I tried smoking them out once, the Sisters, like hornets. If they have built a new nest, Hugh will tell me, when he returns, if he returns.

 

I
t rained this morning. I wander into the orchard where the blossom on all the trees – apple, damson, plum – have opened just a little, the buds white, but pink-fringed now they are so close to blooming. Just a little rain and such a grand response. They hold their boughs above my head like a guard of honour at a wedding, and when a blackbird flies off, startled by my arrival, a slight shower of raindrops anoints me. My boots are brushed by the long wet grasses until the knees of my jeans are a darker blue from the damp and I sit on my bench, appreciating the resistance of the cold stone pushing up against my weight, insisting on gravity. I don’t know how long I am there or what I am doing except that I am grateful for the silence, the absence of Voice. I resume my chain of flowers.

‘So, you can pick flowers but you can’t grow vegetables? Where’s the logic in that?’

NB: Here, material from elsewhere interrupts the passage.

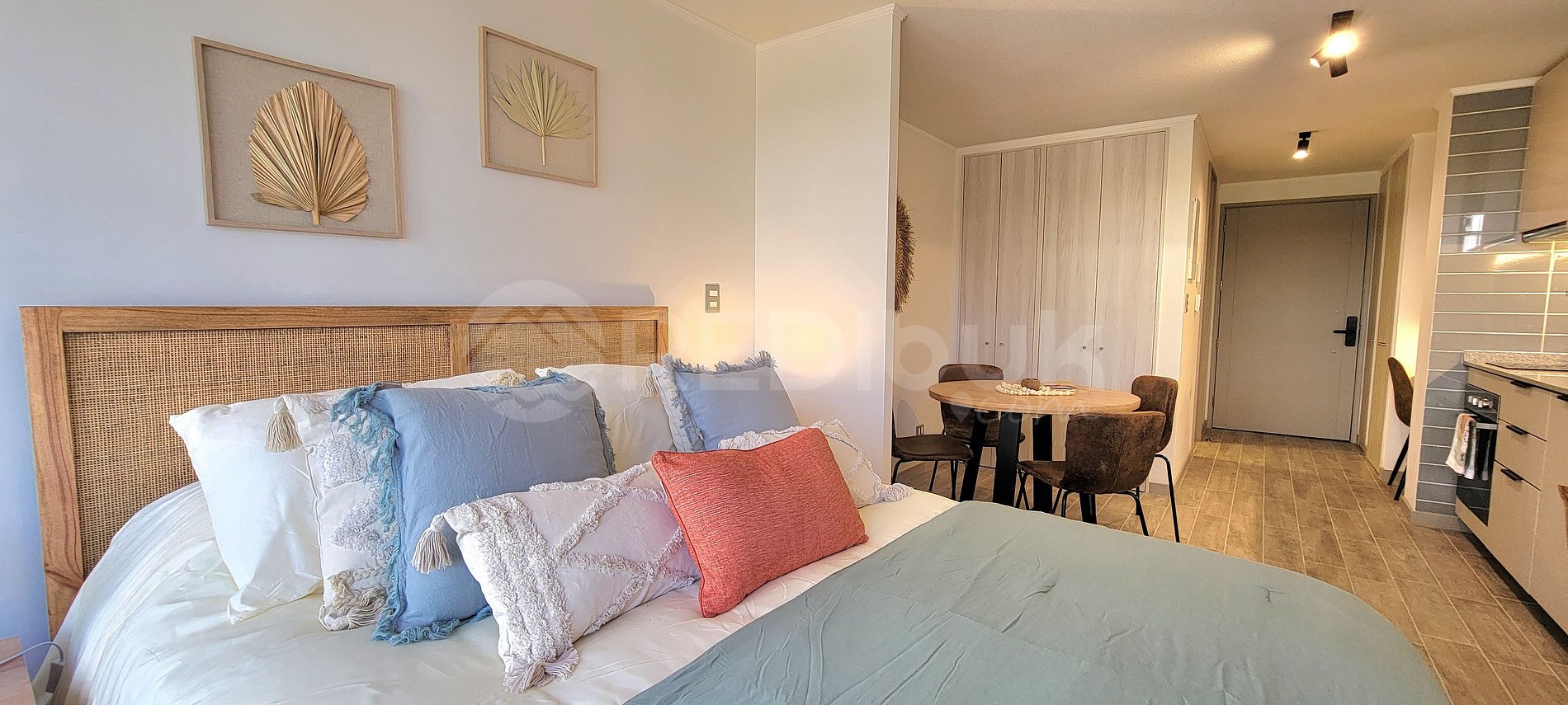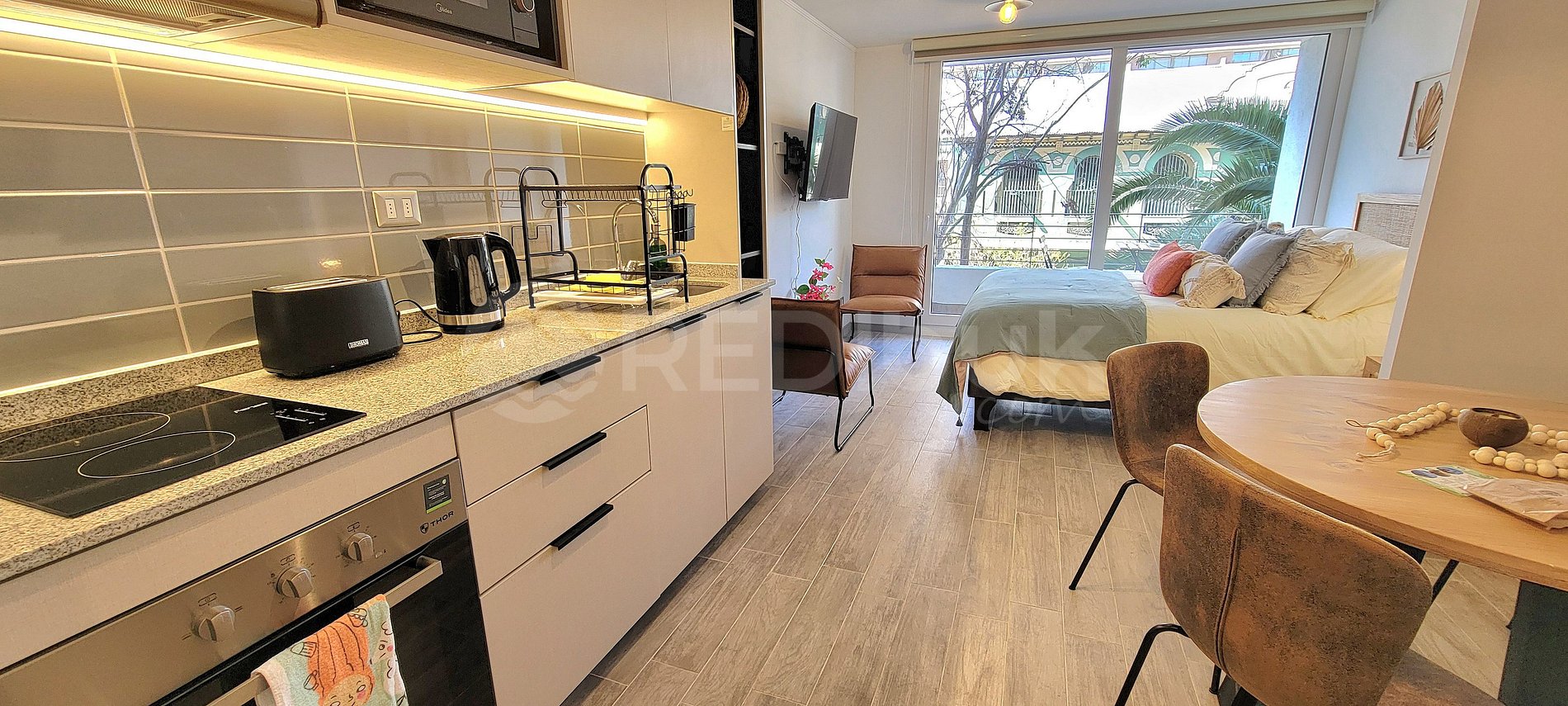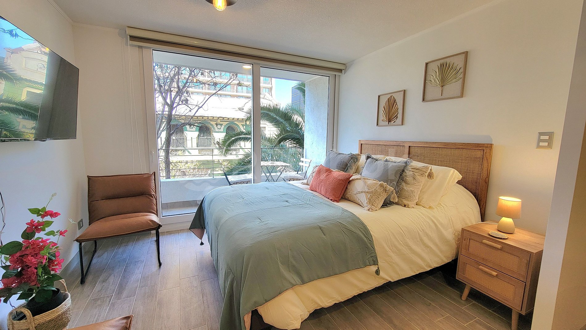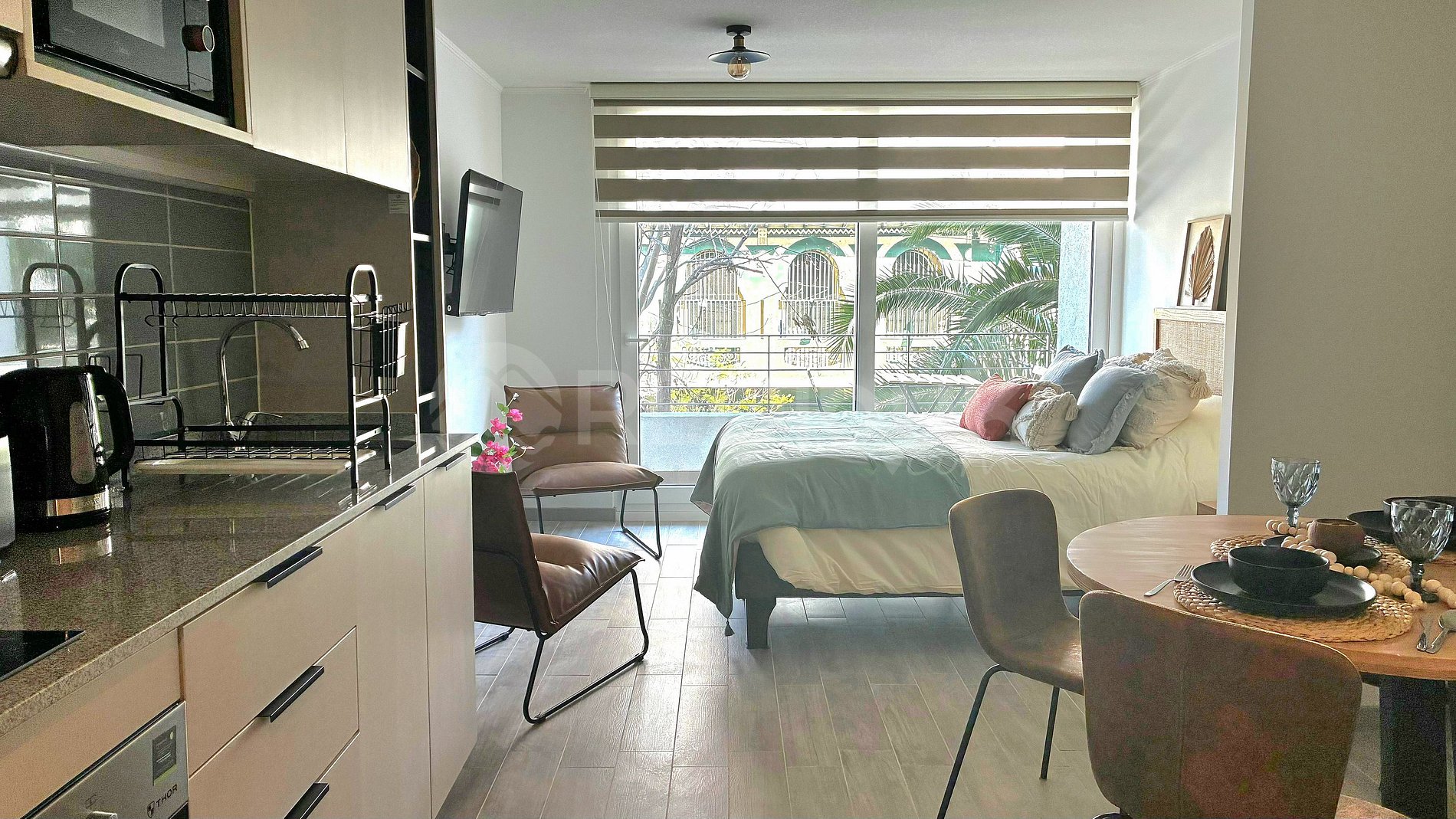 Tiene todo lo necesario para sentirse como en casa: Wi-Fi, cafetera, TV, cómoda cama, terraza y cocina full equipada. Un espacio ideal para relajarse luego de un día de recorrer la ciudad. Cuenta con piscina en azotea con sol durante todo el día (verano), ideal para quienes buscan refrescarse en el calor santiaguino.

The question catches me unawares. Boy and I have hardly spoken since we sat on the felled branches, but the letter had gone from the table when I woke in the morning. I haven’t asked, he hasn’t said. Now, he is in the little plot behind the orchard, looking over the gate. He has his sleeves rolled up and the back of his white shirt is saturated with sweat. It looks as though he has been digging and the spade is resting against the fence that used to keep the rabbits
out of the vegetables. He seems to be expecting an answer, but he doesn’t wait long and resumes weeding, methodically working his way up a row of seedlings. When he reaches the end, he rakes the small pile of discarded nettles and couch grass to one side, brushes the mud off his hands, then steps carefully around the edge of the planted rows to pick up an old black plastic seed tray. On it are five or six small terracotta flowerpots, planted up; they have the familiar two tender leaves of young courgettes. He must have planted the seeds his mother gave me and grown them on, stuck them on a window sill. I imagine him in the barn, Three fixated by the split screen showing a dozen camera angles, Anon playing cards with himself, and Boy watering the courgettes like the plant monitor at school: your turn to look after the garden.

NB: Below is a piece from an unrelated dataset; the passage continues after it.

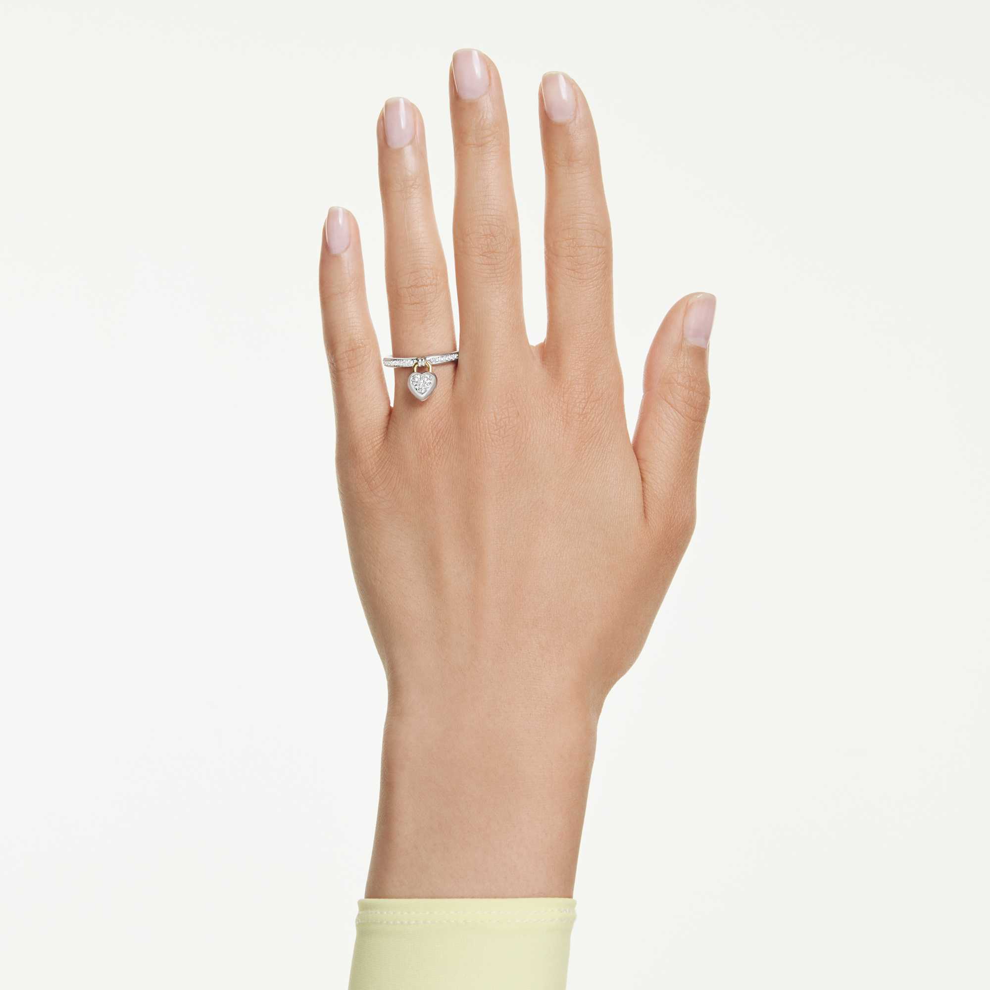 Un lussuoso simbolo di devozione, il sottile anello è impreziosito da cristalli Cry e presenta al centro un cuore ispirato a un medaglione. Il motivo romantico presenta un cuore di Swarovski Zirconia rosa con placcatura in tonalità oro su un lato, e un pavé di cristalli Cry con placcatura rodio sull'altro lato. Indossalo con il bangle coordinato per massimizzare il look dell'amore.
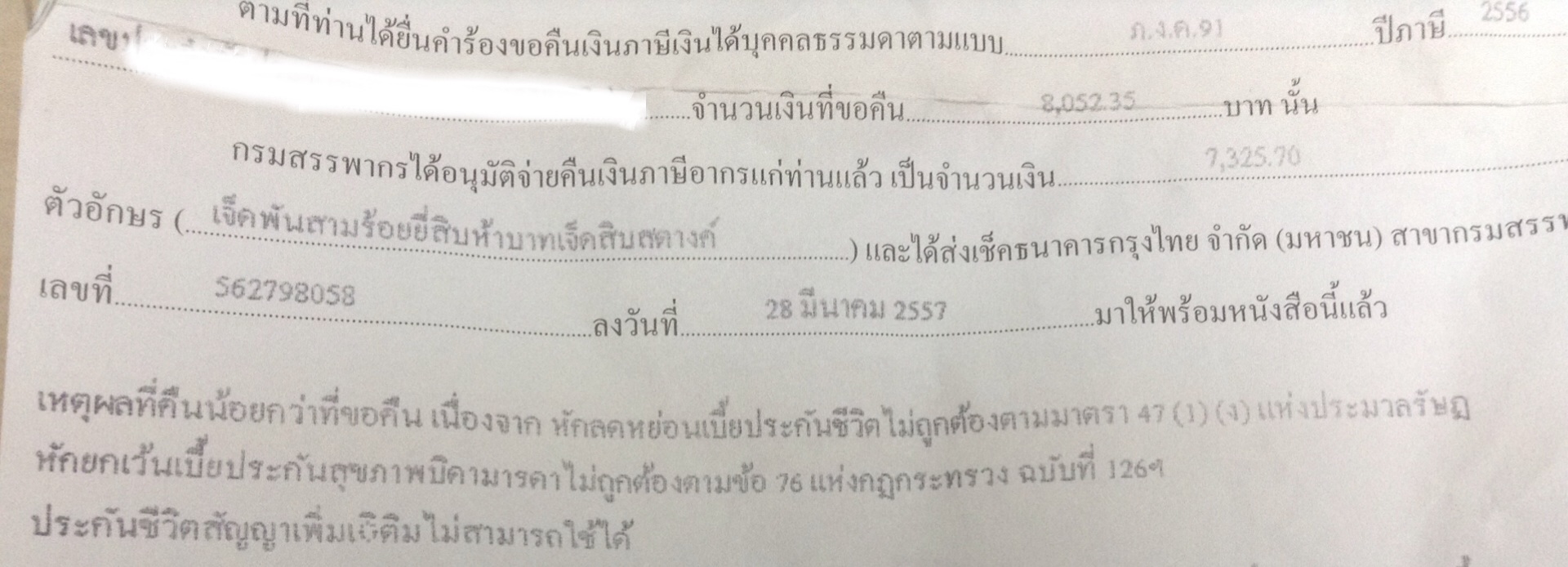 ขอคืน 8052.35 บาท. ได้คืน 7325.70 บาท. เหตุผลตาม กฎหมายข้างต้น

‘It’s a bit early for planting those out,’ I call over the hedge, but he doesn’t look up. He hasn’t heard me. I repeat myself, just a little bit louder. ‘We used to start them off in the greenhouse and then not even harden them off until the end of May.’

‘Not really an option now, is it?’ Boy indicates the broken-down shell of the greenhouse behind him. ‘What happened here?’

Holding tight to the security of my horticultural explanations, I continue. ‘It was because of the wind up here.’ I shout a bit louder. ‘And the risk of a late frost. Oh, go on; ignore the advice of a stupid old woman. What does she know about farming anyway.’

He has turned back to his work, forgetting me and himself in The Well that is a black widow of a property, enticing you before swallowing you whole and spitting out the bits that stick in the throat. I have lost a lot of men to this Well and now here she is flirting again.

Listening to the scratching of the trowel and the squeak of his boots as he crouches, I deafen myself to everything except the territorial robin. I scream silently at Boy because the glass is shattered and he has the arrogance to assume he has the right to work this land. I cry inwardly for him because what he is doing is futile, save for providing a few beans for a casserole at the end of a summer,
when the days are shortening and the leaves falling. I yearn to join him, but that would be breaking my word.